The models started to gain traction. My friend and I talked about launching an agency. We rendered models throughout the night and within 24 hours we had the company name, a website, and seven models.
I moved out of the shed after 18 months and now have a state-of-the-art studio. My days are still kind of bizarre. When the pandemic hit in March 2020, enquiries went through the roof as brands searched for alternative ways to create fashion shoots. I might wake in the middle of the day and work till 5 a.m..
I often work on Los Angeles time as we now have a digital team in the US, who work on our B2B side. As the fashion world is trying to be more sustainable, they are choosing to showcase their collections on virtual avatars, rather than pack trunks of samples and send them around the globe.
There were avatars available before, but the brands have asked us to create bespoke models for them. I act as the creative director,as well as overseeing the editorial and advertising campaigns for Shudu and our six other supermodels who are working every week.
When I’m not chatting to the US team or giving talks via Zoom, I am busy creating digital artwork. At the moment, we are currently working on different catwalk animations and yesterday I spent the day working on Shudu’s make-up.
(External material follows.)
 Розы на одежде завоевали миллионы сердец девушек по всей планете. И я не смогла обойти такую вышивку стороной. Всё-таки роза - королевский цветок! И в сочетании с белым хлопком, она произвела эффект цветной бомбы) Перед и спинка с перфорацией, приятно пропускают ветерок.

While our model rates are comparable to the rates of real-life models, each shoot has a different fee as we are also involved with production. It also depends how digitally advanced the brand is to what we have to do for them. It can take between two to three weeks to create an editorial story so these are extra fees that need to be factored in.
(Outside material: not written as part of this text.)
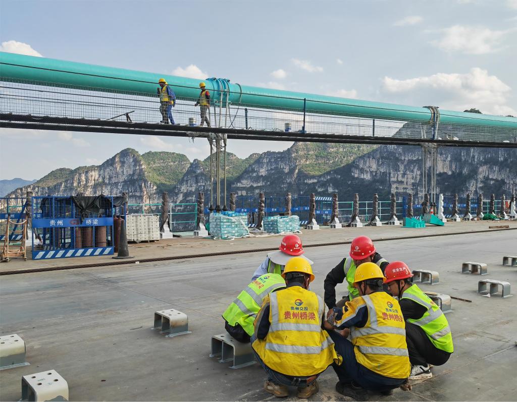 这个“五一”假期,在项目部成员的带领下,近百名一线建设者正悬吊在距谷底625米的猫道上,为大桥主缆穿上能抵御1100℃烈焰的“铠甲”,劳务班组的负责人刘国彬介绍,大桥未来会通行油罐车等高风险车辆,所以主缆防护层被赋予“抗火+防腐”双重使命。整个班组节假日不休息,努力为后续施工留出时间,确保大桥按期通车。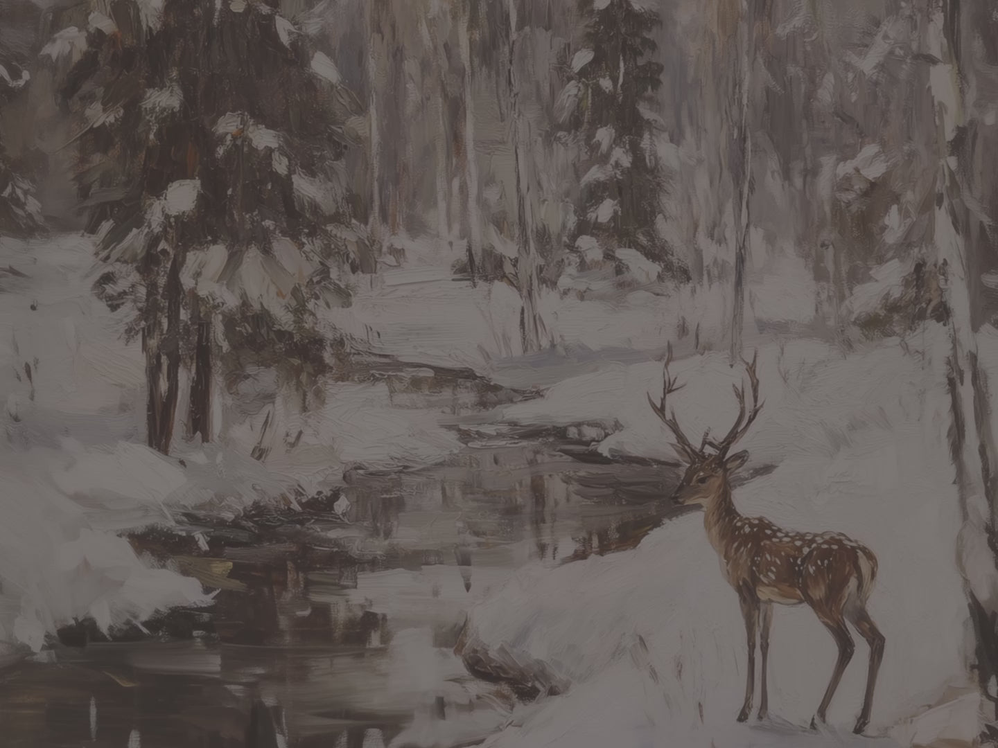 Holen Sie sich die friedvolle Schönheit des Winters in Ihr Zuhause mit diesem bezaubernden Leinwandbild mit Hirschmotiv. Ein anmutiger Hirsch steht an einem stillen, spiegelglatten Bach, umgeben von hoch aufragenden, schneebedeckten Nadelbäumen und sanftem Schneetreiben. So entsteht eine idyllische Waldszene, die den stillen Zauber des Winterwaldes einfängt.

Our models have also now turned into personalities. Some have their own Instagram accounts, and Shudu has her own voice. Critics rightly pointed out that a white guy couldn’t be behind a Black woman, so we did a shout-out on social media for a woman who could become the voice of Shudu. Writer Ama Badu creates Shudu’s Instagram posts and is her voice in interviews. Ama also acts as advisor for Shudu’s character.
The Diigitals also works with real models. Not every company can supply us with digital images of their clothes, so we’ve partnered with models and we turn them into Shudu.
They do the pose and we drop her in over the top of them. We also digitize the models as themselves for other projects.
The virtual modelling space has changed dramatically. It has now reached the point of being established and brands are looking to invest in this in the long term. We are about to launch a virtual clothing collection, which we will showcase on a virtual catwalk and sell to fans of avatars.
I can see a lot of fashion brands using gamification and you’ll see more branded clothing appearing through games like Fortnite. Thanks to the sustainability, brands are already embracing the virtual modelling world. I think it’s going to grow exponentially.